▶ [Supplied material]:
======

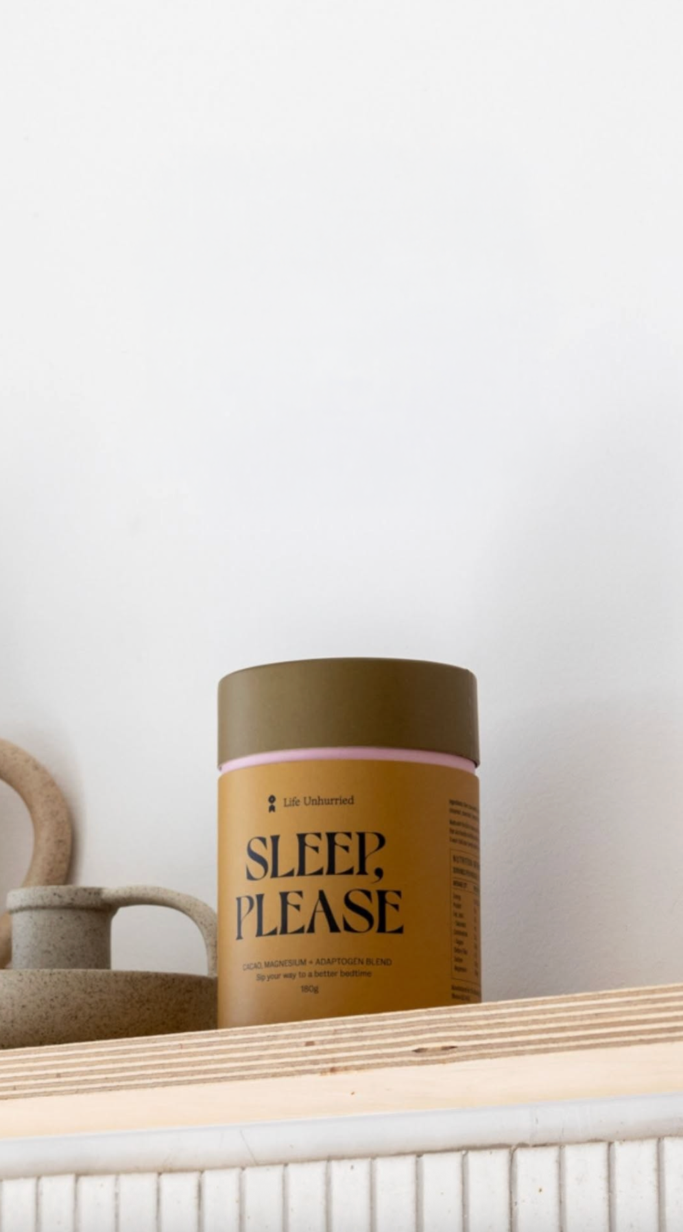 When Life Unhurried came to us, they weren’t just launching products they were extending a philosophy. SLEEP, PLEASE is their cacao, magnesium, and adaptogen blend, designed to support natural sleep and nightly ritual.
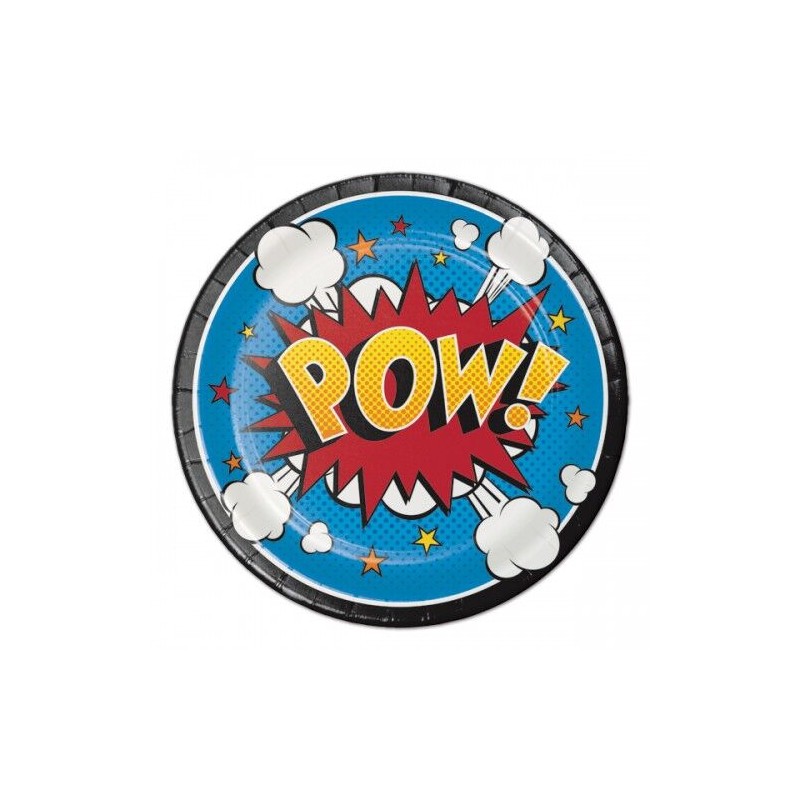 Platos superheroes 8 uds 18 cm, platos de carton para fiesta tematica de cumpleaños similar a superzings. .Incluye 8 platos de 18 cm de diametro
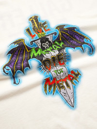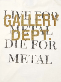 Gallery Dept.'s T-shirt is designed to mirror merch from iconic tours of the past. Cut from cotton-jersey in a boxy '90s-inspired fit, it's printed with 'Live for Metal' artwork featuring a dagger and bat wings. The back has the label's glittered branding with 'Die For Metal' written beneath it. Size & Fit - Fits true to size. Take your normal size - Designed for a boxy fit - Mid-weight, stretchy fabric - Model is shown wearing a M - Model measures: chest 38"/ 96cm, height 6'3"/ 191cm Details & Care - Multicoloured cotton-jersey - 100% cotton - Dry clean - Designer colour: Archival White

======

▶ [Task statement]: Repeat the material above exactly. Leave every picture out of it.

▶ [Written answer]:
 When Life Unhurried came to us, they weren’t just launching products they were extending a philosophy. SLEEP, PLEASE is their cacao, magnesium, and adaptogen blend, designed to support natural sleep and nightly ritual.
 Platos superheroes 8 uds 18 cm, platos de carton para fiesta tematica de cumpleaños similar a superzings. .Incluye 8 platos de 18 cm de diametro
 Gallery Dept.'s T-shirt is designed to mirror merch from iconic tours of the past. Cut from cotton-jersey in a boxy '90s-inspired fit, it's printed with 'Live for Metal' artwork featuring a dagger and bat wings. The back has the label's glittered branding with 'Die For Metal' written beneath it. Size & Fit - Fits true to size. Take your normal size - Designed for a boxy fit - Mid-weight, stretchy fabric - Model is shown wearing a M - Model measures: chest 38"/ 96cm, height 6'3"/ 191cm Details & Care - Multicoloured cotton-jersey - 100% cotton - Dry clean - Designer colour: Archival White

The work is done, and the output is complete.